Ran'al shrugged. "I dunno. It's interesting. I've read some good time travel stories."

"Like what?"

"The Man Who Folded Himself and The Time Machine."

"Do you think its possible?"

"Geez Dad, I don't know. I'm just a kid, not a physicist." He stuffed some more pizza into his mouth and stared intently at his dad while chewing. "Why?"

"It's a case I'm working on. It's bizarre. The evidence all points inescapably to one conclusion. But I don't dare tell anyone. They'll think I'm crazy."

"Tell me, Dad. I won't think you're crazy."

Hatfield thought for a moment and then began to tell his son about space travelers from the future who needed two hunchback whales for some reason, probably an emergency or they would have been better prepared before they came. The trip through time had probably damaged their ship and they needed something from the nuclear reactor of the U.S.S. Enterprise. They befriended Gillian Taylor, and when it came time to return to the future, she went with them.

Ran'al hadn't touched the pizza since his Dad had begun the story. He stared at Hatfield now, not quite sure whether he was serious. He decided he was.

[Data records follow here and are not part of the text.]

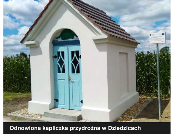
Odnowiona kapliczka przydrożna w Dziedzicach

D ziedzice – remont kapliczki rozpoczęły prace izolacyjne ścian fundamentowych, kolejno wykonano tynki zewnętrzne i wewnętrzne (po wcześniejszym przygotowaniu powierzchni), pokrycie dachowe i stolarkę. Wszystkie elementy zostały odpowiednio zabezpieczone tak, aby ząb czasu zbyt wcześnie ich nie nadgryzł. Na zewnątrz został odrestaurowany podest, wykonana nawierzchnia żwirowa i trawnik. Przeprowadzono renowację figurki.
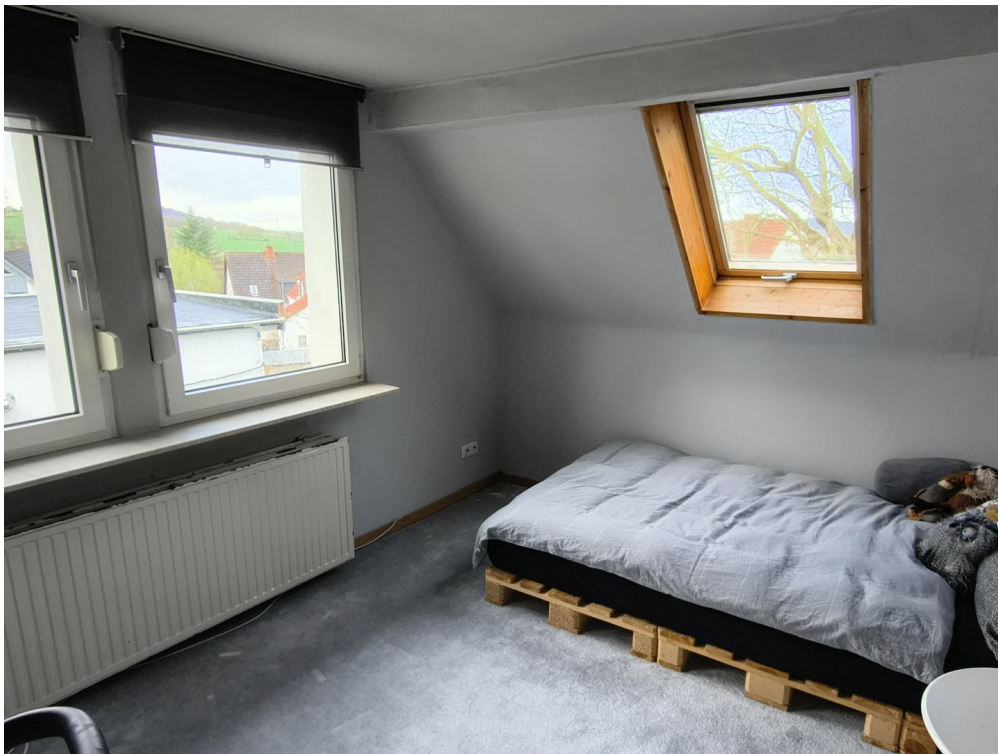
Kinderzimmer 1 Obergeschoss
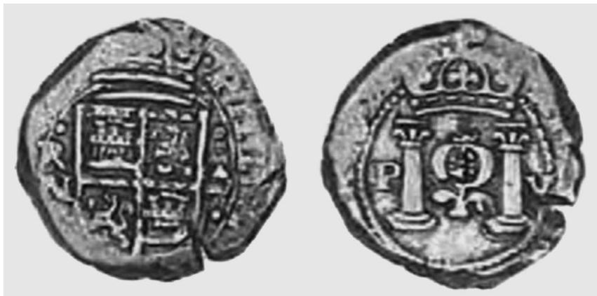
Илл. 2 Монета квартильо из биллона

На аверсе леоно-кастильский герб, на реверсе две колонны с гранатом посередине как знак монетного двора Санта-Фе, буквы P[LU]S V[LT]RA и инициал главы монетного двора. К сожалению, из-за плохой сохранности данного экземпляра, на монете его не видно. Легенда: «PHILIPPUS TERTIUS YSPANIAE ET INDIAE REX»
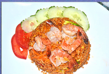
A45 - Phad Keemao (riz sauté basilic et légumes (oignons, carottes, poivrons, coriandres et œufs))
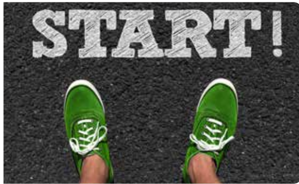
Oft bedarf es nur der ersten Schritte, um den inneren Schweinehund zu besiegen.

zurücklegen. Zwischendurch ein paar Kniebeugen, sich die Zähne auf einem Bein stehend zu putzen oder die Arbeit am PC mit ein paar Schulterübungen zu unterbrechen – das erfordert wenig Zeit und Aufwand. Oder verbinden Sie sportliche Aktivität mit angenehmen Dingen: Genießen Sie die frische Luft und die Natur beim Radfahren, hören gute Musik, einen Podcast beim Nordic Walking oder spazieren gemeinsam mit Freunden.
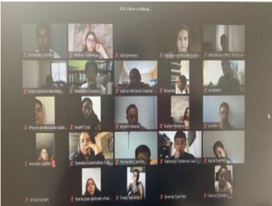
Reunión con estudiantes
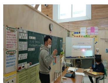
プロジェクターに投影(2年生)
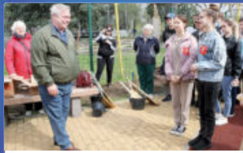
НОВОСТИ ОБЛАСТИ Продолжаем вместе

"Yeah, Dad. Is that what you really think happened to her?"

"I'm afraid so."

Ran'al began shoving pizza into his mouth. You gonna tell them, Dad?"

"They won't believe me."

"No, they won't."

"Do you?"


"What do you think I ought to do?"

Ran'al thought about it for a minute.

"Write a book."


"A book. Write a book. It's a great plot for a mystery novel!"

Hatfield sat contentedly, rocking in his handmade rocking chair, watching the world go by, or at least that small piece of the world found in Elkhorn City, Kentucky. People waved to him as they walked by; he was the town celebrity; the home town boy become detective. And now he was an up-and-coming mystery writer.

His first book, A Whale of a Time, had been on the New York Times best seller list for thirteen weeks. Last month it had set a record for paperback sales in its first week. Everyone was talking about the travelers from the future who came looking for hunchback whales to save the Earth of the 23rd century. Conservationists lauded it; "Save the Whales" presented him with a special award for helping to raise the world's consciousness.

Since then Hatfield had written three detective novels which were in various stages of production, and, with his son's help, was working on his second science fiction novel, using the same characters as in the first. He envisoned a whole series of novels revolving around the exploits of Admiral Kirk and his crew. Hatfield was in seventh heaven.

He heard the phone ring inside and in a moment Ran'al came to the door.

"Dad," the phone's for you."

"Who is it son? Another reporter?"

"Nah, Dad," Ran'al said. "Says his name's Harve Bennett. He wants to buy the movie rights to your book."